---------- Source material ----------
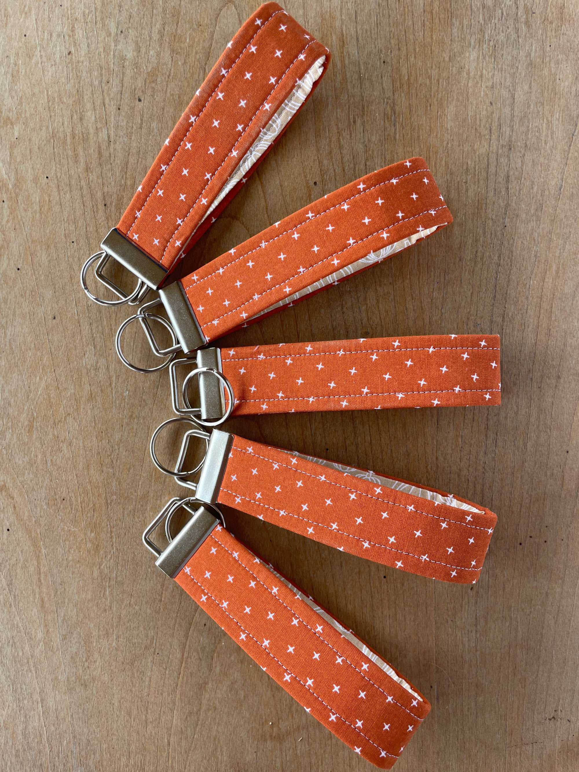 Burnt orange pattern Fabric Key Fobs - Free Shipping!
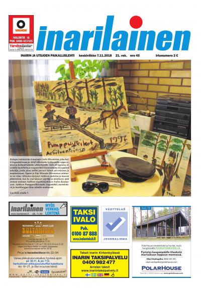 Inarilainen on Inarin ja Utsjoen oma paikallislehti sekä alueen luetuin ja luotetuin media. Paikallislehti on mainoskanava, joka tavoittaa tehokkaimmin alueen kuluttajat ja yritykset. Printtilehti ilmestyy kerran viikossa ja digitaalinen versio mahdollistaa tuoreiden uutisten seuraamisen missä tahansa oletkin.
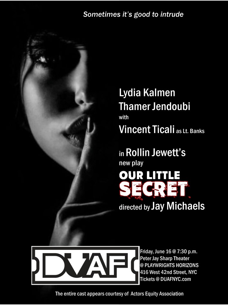 Play and screenwriter Rollin Jewett returns to the Downtown Urban Arts Festival with a dark comedy involving breaking and entering. Lydia Kalmen & Thamer Jendoubi in OUR LITTLE SECRET with Vincent Ticali as Lt. Banks in a production directed by Jay Michaels. Premiering Friday, June 16 @ 7:30 p.m. at the Peter Jay Sharp Theater @ Playwrights Horizons, 416 West 42nd Street, NYC, Tickets @ DUAFNYC.com.
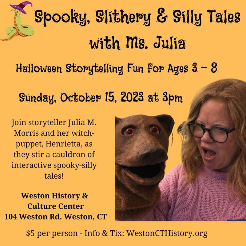 Professional Storyteller Julia M. Morris will be bringing some Halloween fun to the Weston History & Culture Center with her show, “Spooky, Slithery and Silly Tales” on Sunday, October 15, 2023 at 3:00pm. Active and participation-based storytelling for the whole family, geared for children ages 3-8. Tickets are $5.00 per person. Advanced tickets highly recommended. Tickets at: www.WestonCTHistory.org Walk-ins also welcome. This exciting program takes place at the Weston History & Culture Center 104 Weston Road in Weston, CT.
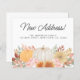 Cette carte d'annonce de déménagement à budget est décorée de citrouilles aquarelles, de feuillage d'automne et de fleurs. Elle indique "Nouvelle Adresse" dans une typographie script stylée.
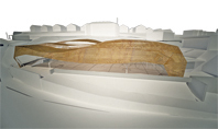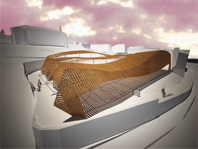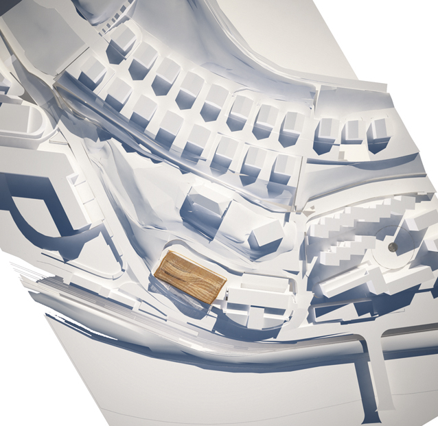 Esta cubierta ondulante, vista desde la ermita, dialoga perfectamente con el entorno como si una sábana se posara sobre la propia topografía que va cayendo hacia el río.
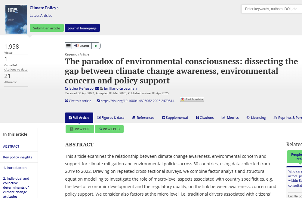 A new paper, with Cristina Peñasco, in Climate Policy. The paper looks at the determinants of acceptance of climate change and public support for climate policies in 30 countries. It is based on survey data for four successive years (2019-2022).
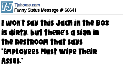 X I won't say this Jack in the Box is dirty, but there's a sign in the restroom that says "Employees Must Wipe Their Asses."
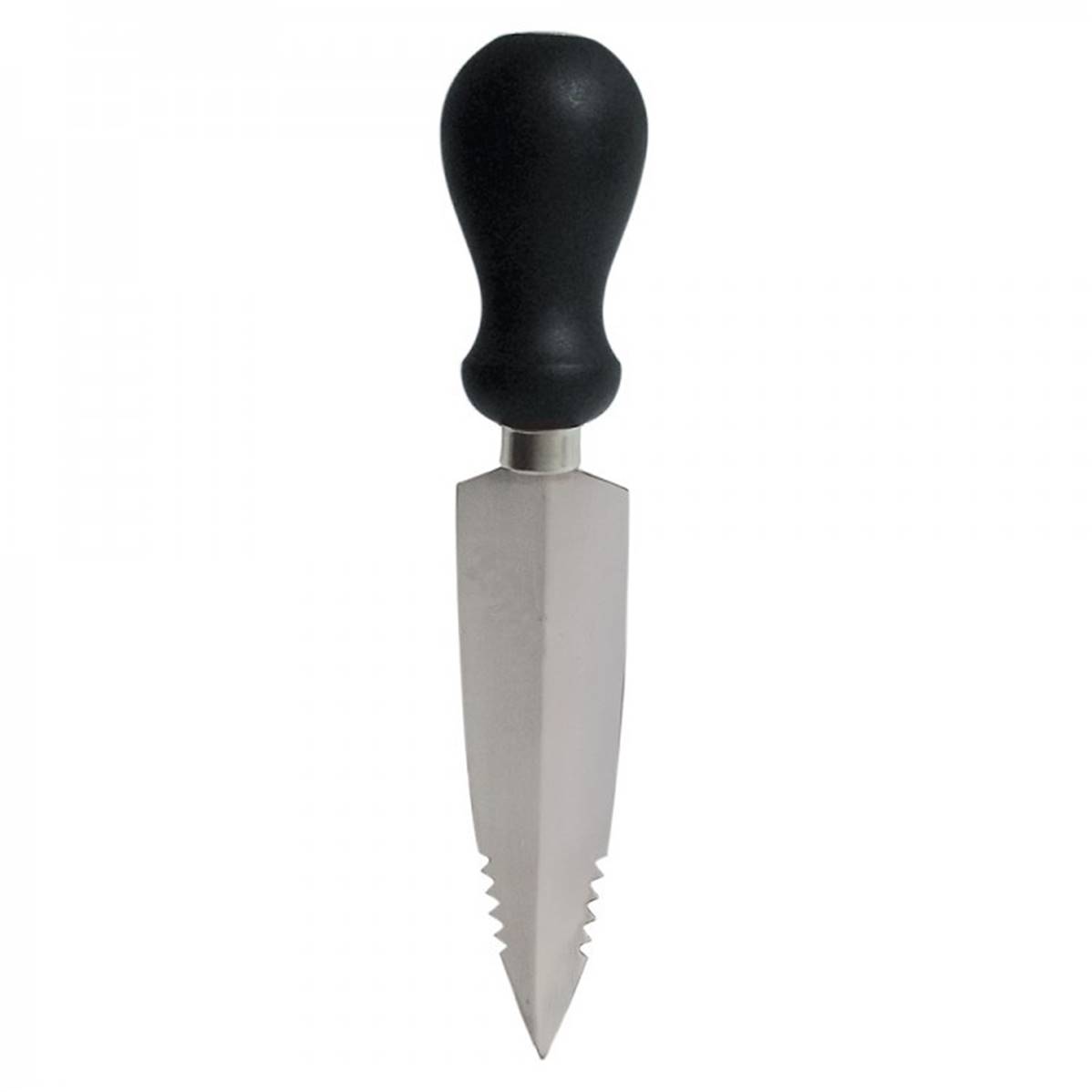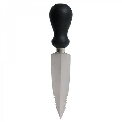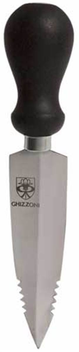 Si utilizza a tranciare il formaggio dopo aver tracciato il solco con il coltello a uncino. Il coltello ha sulla punta una doppia seghettatura su entrambi i lati che aiuta l'inserimento e il trancio del formaggio.
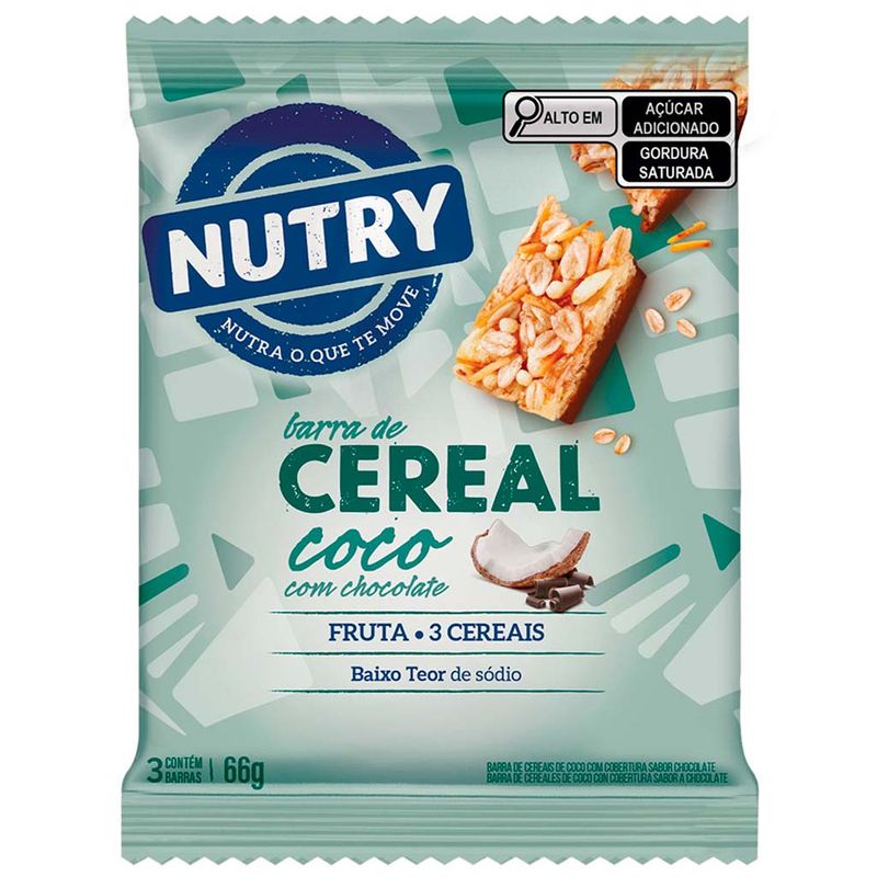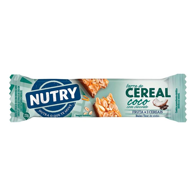 Nutry traz as barras de cereais para qualquer hora do dia, nutritivas e ricas em fibras e proteínas no delicioso sabor coco com chocolate. Ingredientes: Cereais [ Aveia e flocos de cereais ( farinhas de arroz e de milho, açúcar, maltodextrina, extrato de malte e sal)],xarope de glicose, cobertura sabor chocolate ( Açúcar, gordura vegetal, cacau em pó, soro de leite desmineralizado, leite em pó integral, leite em pó desnatado, massa de cacau, emulsificantes: lecitina de soja e éster de ácido ricinoléico com poliglicerol e aromatizante), coco queimado, açúcar invertido, gordura de palma, sal e estabilizante lecitina de soja. CONTÉM GLÚTEN.
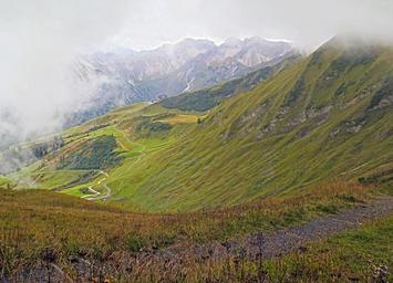Keywords: mountains mountain landscape fog alpine allgäu fellhorn oberstdorf gloomy sleet green away path mountain summit
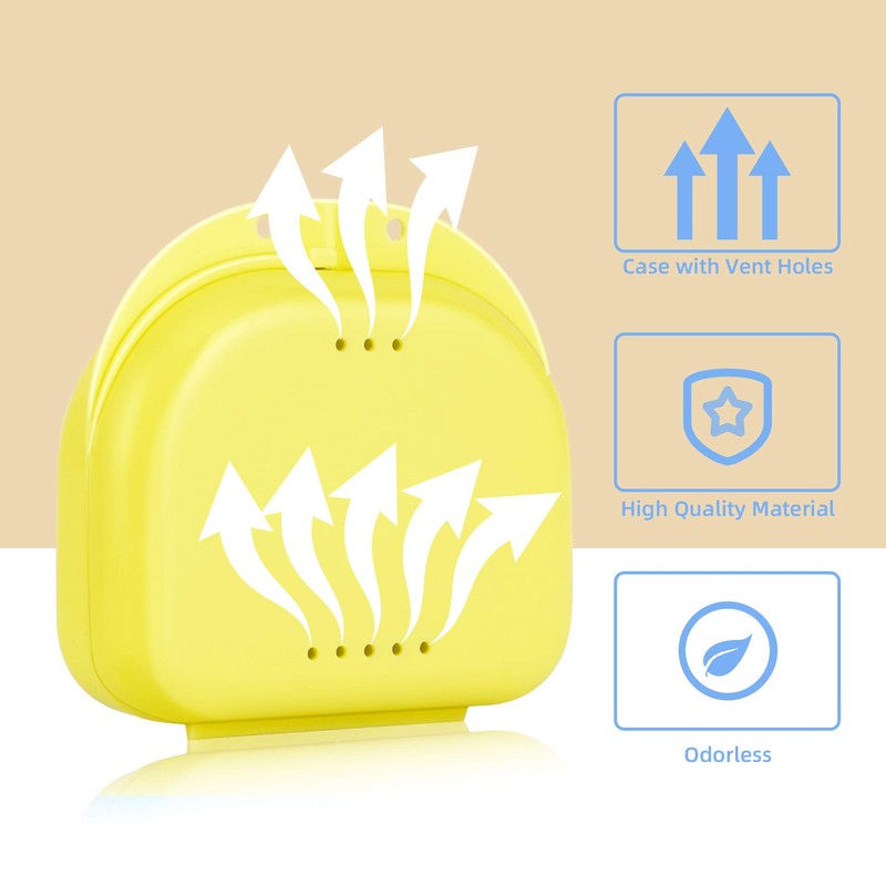 Mouth Guard Container Case Orthodontic Retainer Carry Case with Vent Holes, Denture Holder Aligner Case Small for Household|Office|Travel - Light Yellow
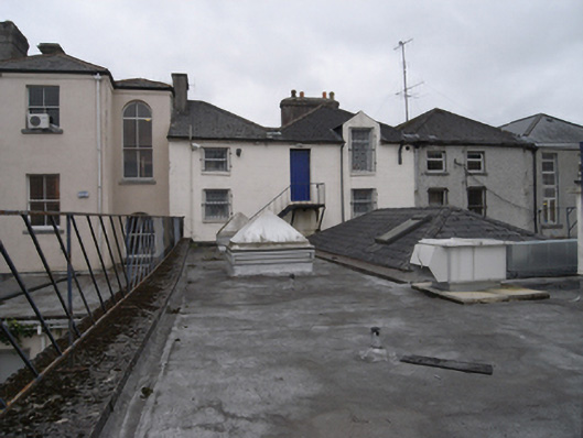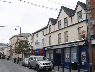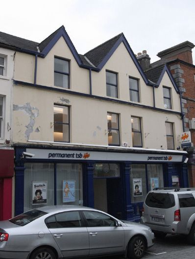 Attached four-bay three-storey three-gabled commercial building, built c. 1910, with shopfront inserted c.2000. Pitched artificial slate roof with gables rising from front elevation, further pair of hipped roofs to rear, clay ridge tiles with large rendered chimneystack with clay and terracotta pots to central valley, further rendered chimneystack to rear roof rising from east party wall, lucarne window rising from rear elevation. Timber fascia to three gables with replacement rainwater goods. Painted ruled-and-lined rendered walling. Square-headed window openings, painted stone sills, and replacement timber casement windows. Replacement timber shopfront with square-headed display windows, double timber panelled doors, timber pilasters and timber fascia. Aluminium windows to rear.
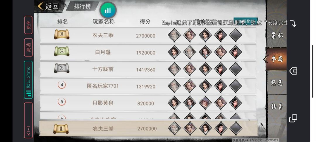 阵容:云烟霞(+9,速度2W2+),龙皎皎,借(+10,速度,速度2W+,内劲12W+,四内劲卷轴下),许璇薇(+9,速度1W9+,真气1170W+),苏明玉(+9,速度1W9+),凌乌衣(+10,速度1W4+,天赋+30%速度)
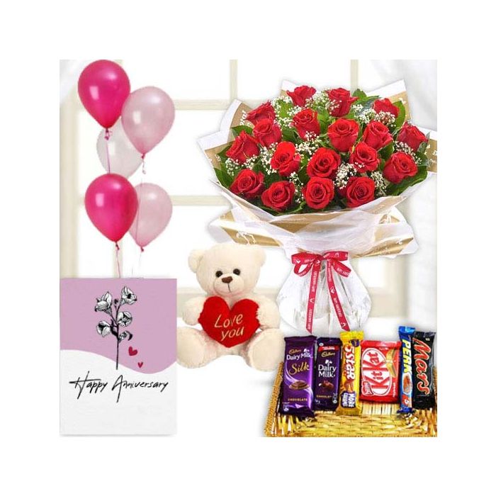 12 red roses bunch , 6 inch teddybear, Basket of assorted chocolates, anniversary Greeting card with 5 blown balloons
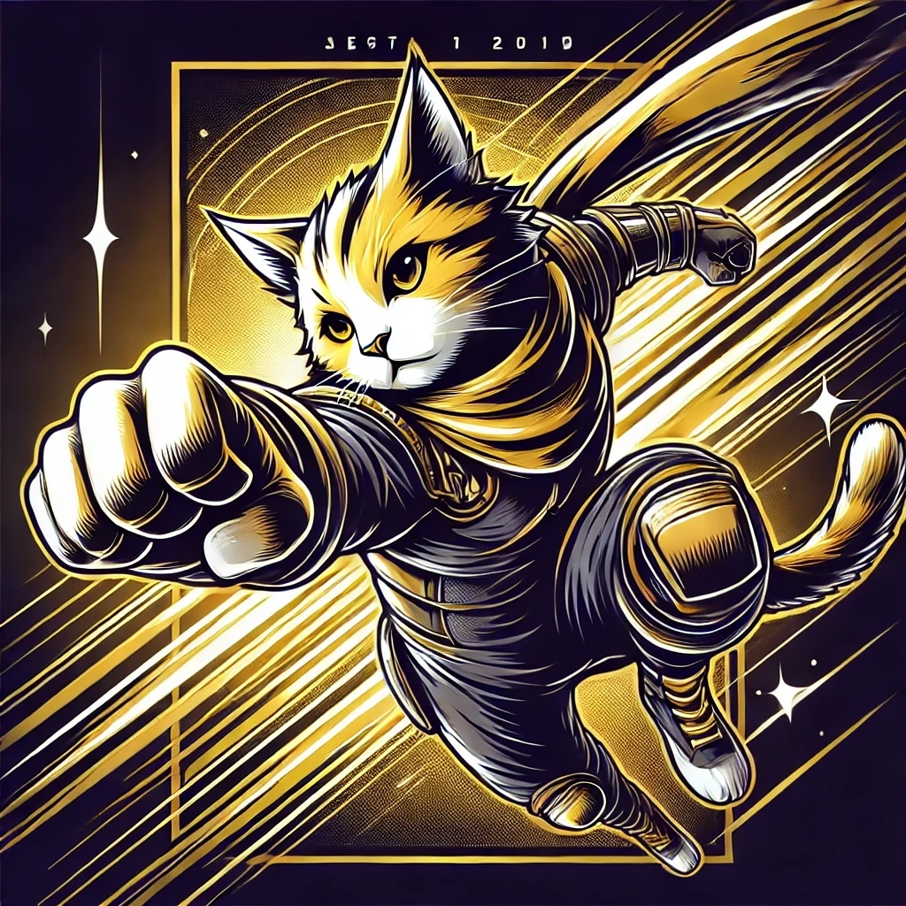 댓글 0cat in an action pose, with a vector art style and a gold and black color scheme, dramatic lighting, detailed background elements, a dynamic angle, bold lines, high contrast, anime artwork, high resolution, high detail, vibrant colors, an energetic atmosphere
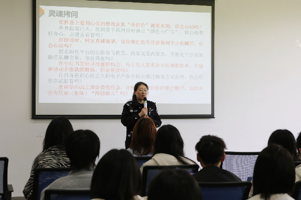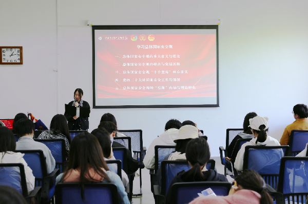活动中,张翊昕警官以“防范于心反诈同行”为主题,立足高校反诈工作实际,结合校园典型诈骗案例,系统梳理大学生高频遭遇的电信网络诈骗类型与作案手法,深入剖析诈骗分子利用学生心理弱点设下的常见陷阱。张警官重点解读帮信罪、掩隐罪等相关法律知识,提醒同学们严守法律底线。同时,围绕“不轻信、不透露、不转账”核心防范原则,介绍“金护”反诈APP、803反诈智能体及96110反诈劝阻专线的使用方法,切实帮助同学们提升风险识别与自我保护能力,守护个人财产与信息安全。周昕怡围绕总体国家安全观展开系统阐释,全面解读政治安全、国土安全、经济安全、文化安全、社会安全、军事安全等重点领域核心内容,帮助同学们深刻把握总体国家安全观的丰富内涵与时代实践要求,厚植国家安全意识。
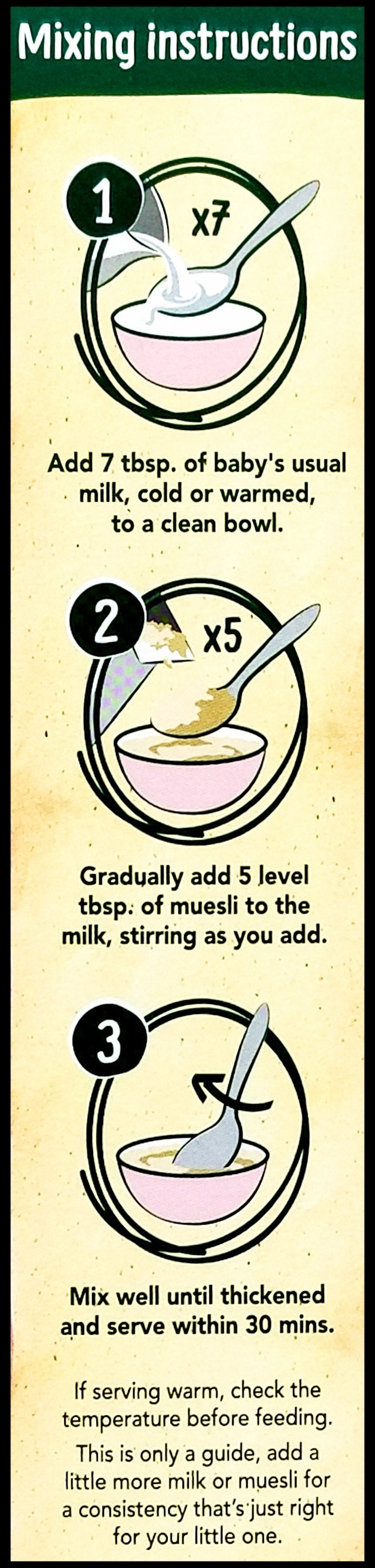 There are instructions on the box on how to make up Organix cereals. Use your baby's usual milk. Pour the suggested amount of milk into a clean bowl, sprinkle the cereal into the milk and mix thoroughly to prevent any lumps. Remember though that the preparation instructions are only a guideline, don't be worried about adding a little more milk or cereal to get a consistency that is just right for your little one. The amount of cereal you use depends on your baby's appetite. As your baby grows their appetite will too, so gradually increase the amount of cereal accordingly. If you use warm milk, you probably won’t need as much cereal as when you use cold milk. Always check the temperature of the cereal before you feed your baby.
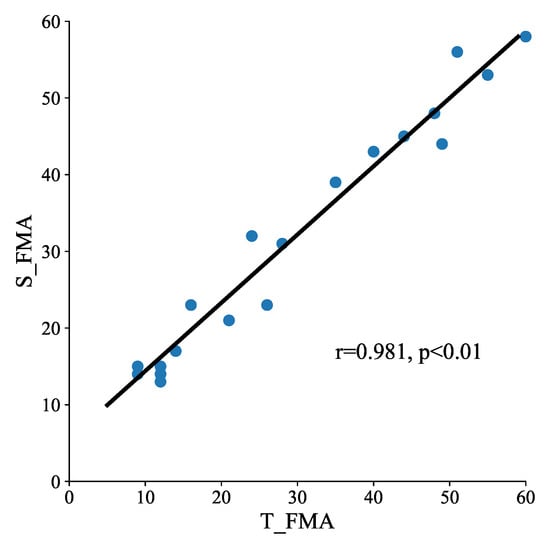 Correlation between S_FMA and T_FMA was particularly high (r = 0.981, p < 0.01) (Figure 4), indicating that the system has a strong ability to produce FMA-UE scores consistent with the therapist.
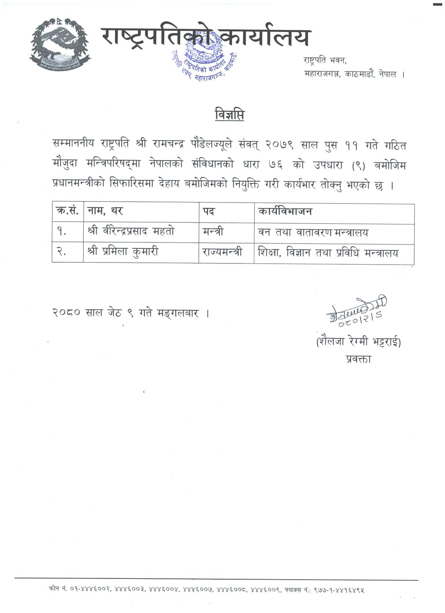 प्रधानमन्त्रीको सिफारिसमा राष्ट्रपति रामचन्द्र पौडेलले जसपाका वीरेन्द्रकुमार महतोलाई वनमन्त्री र प्रमिला कुमारीलाई शिक्षा राज्यमन्त्री नियुक्त गरेका छन्।
----------
Take the entries above and copy exactly the lines starting at the one with "A new paper, with" and ending at the one with "Attached four-bay three-storey"; nothing outside that span, and no pictures.

 A new paper, with Cristina Peñasco, in Climate Policy. The paper looks at the determinants of acceptance of climate change and public support for climate policies in 30 countries. It is based on survey data for four successive years (2019-2022).
 X I won't say this Jack in the Box is dirty, but there's a sign in the restroom that says "Employees Must Wipe Their Asses."
 Si utilizza a tranciare il formaggio dopo aver tracciato il solco con il coltello a uncino. Il coltello ha sulla punta una doppia seghettatura su entrambi i lati che aiuta l'inserimento e il trancio del formaggio.
 Nutry traz as barras de cereais para qualquer hora do dia, nutritivas e ricas em fibras e proteínas no delicioso sabor coco com chocolate. Ingredientes: Cereais [ Aveia e flocos de cereais ( farinhas de arroz e de milho, açúcar, maltodextrina, extrato de malte e sal)],xarope de glicose, cobertura sabor chocolate ( Açúcar, gordura vegetal, cacau em pó, soro de leite desmineralizado, leite em pó integral, leite em pó desnatado, massa de cacau, emulsificantes: lecitina de soja e éster de ácido ricinoléico com poliglicerol e aromatizante), coco queimado, açúcar invertido, gordura de palma, sal e estabilizante lecitina de soja. CONTÉM GLÚTEN.
Keywords: mountains mountain landscape fog alpine allgäu fellhorn oberstdorf gloomy sleet green away path mountain summit
 Mouth Guard Container Case Orthodontic Retainer Carry Case with Vent Holes, Denture Holder Aligner Case Small for Household|Office|Travel - Light Yellow
 Attached four-bay three-storey three-gabled commercial building, built c. 1910, with shopfront inserted c.2000. Pitched artificial slate roof with gables rising from front elevation, further pair of hipped roofs to rear, clay ridge tiles with large rendered chimneystack with clay and terracotta pots to central valley, further rendered chimneystack to rear roof rising from east party wall, lucarne window rising from rear elevation. Timber fascia to three gables with replacement rainwater goods. Painted ruled-and-lined rendered walling. Square-headed window openings, painted stone sills, and replacement timber casement windows. Replacement timber shopfront with square-headed display windows, double timber panelled doors, timber pilasters and timber fascia. Aluminium windows to rear.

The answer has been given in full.